Written By BBG Publizer on Kamis, 30 Januari 2020 | 21.26

SIKKA- OposisiNews.co.id - Pengadaan Tanah untuk pembangunan proyek Nasional pembangunan Bendungan Napun Gete yang berada di kecamatan Waiblama, Kabupaten Sikka, Provinsi NTT. Memasuki babak ganti rugi

Bertempat di Aula SCC Maumere, Kamis, 30/1/2019, Pemerintah melaksanakan pembayaran ganti rugi lahan kepada warga Kecamatan Waiblama yang lahannya terkena dampak proyek pembangunan bendungan yang telah dianggarkan melalui APBN sebesar Rp 32 Milyar.

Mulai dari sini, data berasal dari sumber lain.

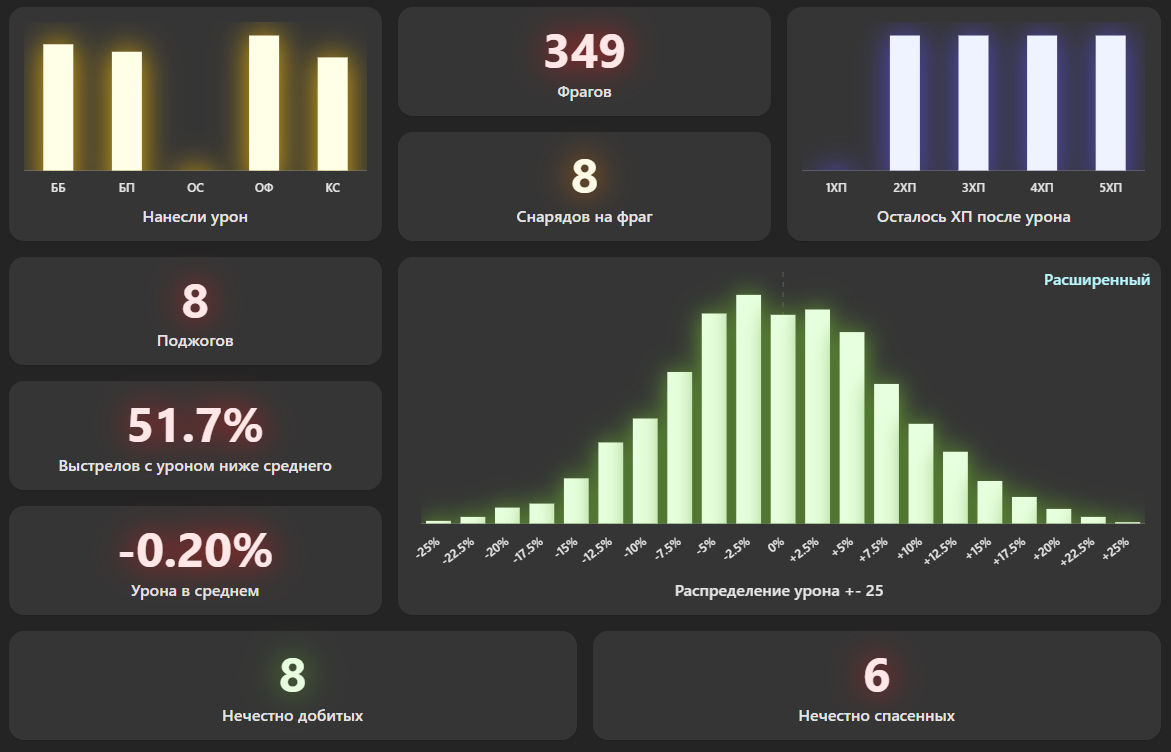 Shadowbeast Опубликовано: 5 марта, 2024 Игроки 17 911 публикация 100 746 боёв Поделиться Опубликовано: 5 марта, 2024 05 мар 2024 - 14:51 пользователь _KanuTaH_O4eBugHocTb_ сказал: Я правильно понял, что тебе откручивают больше, чем ему? Откручивают в чем? В уроне? Он так и плавает тудым сюдым. Но да, у меня больше выстрелов с пониженной альфой за 200+ боев. У него правда всего 27 боев что-ли. Ссылка на комментарий
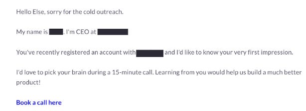 Kathy sends a beautifully worded email campaign, explaining how this interview would help her so very much, expressing her undying gratitude for even opening the email, and, of course, her email scheduling link.
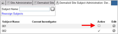 Note: Subjects are added in the EDC Module. Subjects can be inactivated or re-activated only from the Site Administration module.
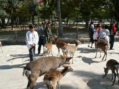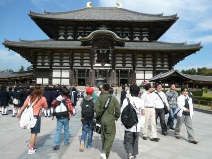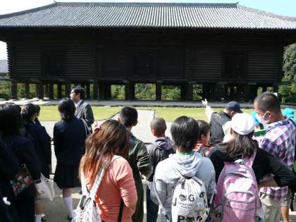 秋晴れの中,6年生が秋の遠足で奈良県東大寺方面に行ってきました。社会科の歴史で学習した東大寺の大仏を拝観し,子どもたちは「想像していたよりも大きい。」「完成までにものすごい仕事だったんだろうな。」と驚いていました。また,たくさんの鹿と共存する奈良市内のまちの様子を見て「奈良の人たちは鹿に優しいんだな。」と感想をもらしていました。とても有意義な社会見学を兼ねた遠足になったと思います。
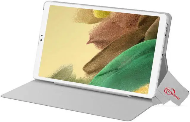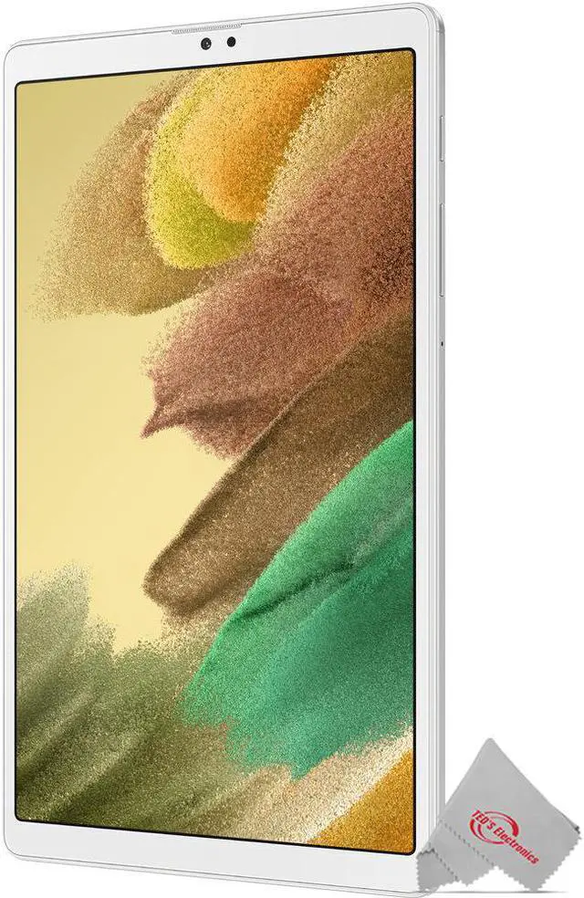 Samsung 8.7" Galaxy Tab A7 Lite 32GB Tablet. Featuring a slim metal frame, this compact tablet is designed for easy one-handed use before quickly slipping it into your bag when traveling. The MediaTek MT8768T processor combines a 2.3 GHz quad-core CPU with a 1.8 GHz quad-core to deliver fast and efficient performance when run a variety of Android apps and games. Other features include 3GB of memory, 32GB of internal storage, and a microSD slot that supports up to 1TB cards to transfer photos, videos, and other files. Its 8.7" 1340 x 800 resolution display is driven by PowerVR GE8320 graphics and works with the Dolby Atmos enhanced stereo speakers to immerse you in movies, games, and music. Connect a pair of headphones to the 3.5mm audio jack for added listening privacy. Video chat with friends and family and capture important moments with the 2MP front-facing and 8MP rear cameras. Then share them online by connecting to compatible networks with the integrated 802.11ac Wi-Fi. With Samsung Kids content and comprehensive parental controls, your children can safely learn and play. The 5100 mAh battery is designed to provide hours of use. Android R is the installed operating system.
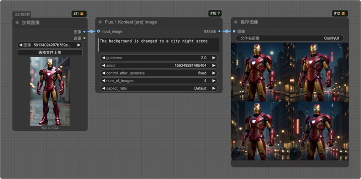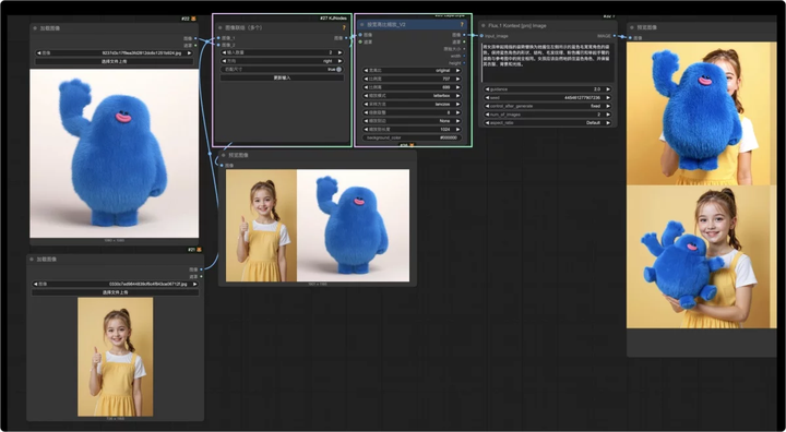 对于需要 2 张图片处理的,比如物品迁移,我们只需要在上述工作流中增加"图像联结(多个)"和"按宽高比缩放_V2"两个节点即可,如下图所示:

Proyek pembangunan bendungan Napun Gete telah berjalan ±4 tahun, diperkirakan akan rampung tahun ini ( 2020 red ). Luas lahan pembangunan bendungan 161,61 Hektar, dalam perkembangan ada penambahan luas lahan 22,86 Hektar, yang didalamnya terdapat 146 bidang tanah.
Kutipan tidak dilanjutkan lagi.